Now that the data is similar, we can combine the datasets together.
Looking into the dataset, we see that the storey_range
variable has
varied values, which we will be renaming into a new variable called
storeys
.
However, before we create the new variable, it would be helpful to understand the range of storey ranges among the resale flats and create a new variable to categorise them.
Even in 2022, very few resale flats have more than 12 to 15 floors, hence, everything above the 9th floor will be tagged as “high”.
Now that the data is cleaned, we can do some quick exploratory analyses.
First, we know that generally, HDB flat prices tend to vary by storey levels. We can visualise this layman assumption here:
Although the variation and range of resale flat prices are relatively the same, the median prices for each of the storey categories seem to fit this assumption. That is, HDB flats on the lower levels generally tend to cost less than those on the higher levels.
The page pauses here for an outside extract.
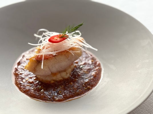 静岡県産の金目鯛を贅沢に使用した一品。からりと揚げた肉厚のホタテ貝の上に、中華鍋で鱗ごと香ばしく焼き上げた金目鯛を添えています。泡辣椒(パオラージャオ=塩や香味野菜と漬けた唐辛子)に、生姜やピータン、酢を加えたさっぱりとしたソースで仕上げました。香りはもちろん、四川料理特有の奥深く上品な辛さとのバランスもあわせてご堪能ください。

One possible explanation for near similar variations and ranges could be the scope of the dataset, which covers approximately 30 years’ worth of data. Furthermore, the above chart does not take into account the HDB town, which, as most Singaporeans know, also influences the prices of flats.
Let’s examine the relationship between HDB towns and prices next:
It is therefore evident that HDB resale flat prices do vary by their towns.
At this point, as mentioned above, the range of data is still massive with about 871,671 observations. For ease of and more focused analyses, we will narrow down the dataset by three conditions:
- Apartments from 2010 onwards (because we want newer houses and buildings)
- Apartments of at least 4-room and not multi-generation (so that we have a flat that is big enough to house at least 2 children)
- Apartments located on “mid” or “high” storeys (as we simply prefer being higher up and for the higher resale value over time)
## # A tibble: 6 × 13
## month year town flat_…¹ flat_…² block stree…³ store…⁴ storeys floor…⁵
## <chr> <int> <chr> <chr> <fct> <chr> <chr> <chr> <fct> <dbl>
## 1 2010-01 2010 ANG MO KIO 4 ROOM 4-room 414 ANG MO… 07 TO … mid 92
## 2 2010-01 2010 ANG MO KIO 4 ROOM 4-room 472 ANG MO… 13 TO … high 92
## 3 2010-01 2010 ANG MO KIO 4 ROOM 4-room 624 ANG MO… 10 TO … high 93
## 4 2010-01 2010 ANG MO KIO 4 ROOM 4-room 643 ANG MO… 07 TO … mid 100
## 5 2010-01 2010 ANG MO KIO 5 ROOM 5-room 418 ANG MO… 07 TO … mid 148
## 6 2010-01 2010 ANG MO KIO 5 ROOM 5-room 545 ANG MO… 13 TO … high 118
## # … with 3 more variables: flat_model <chr>, lease_commence_date <dbl>,
## # resale_price <dbl>, and abbreviated variable names ¹flat_type, ²flat_type2,
## # ³street_name, ⁴storey_range, ⁵floor_area_sqm
This gives us a dataset with 38,695 observations - something much easier to work with and relatively more reflective of current trends, considering the recency of the data.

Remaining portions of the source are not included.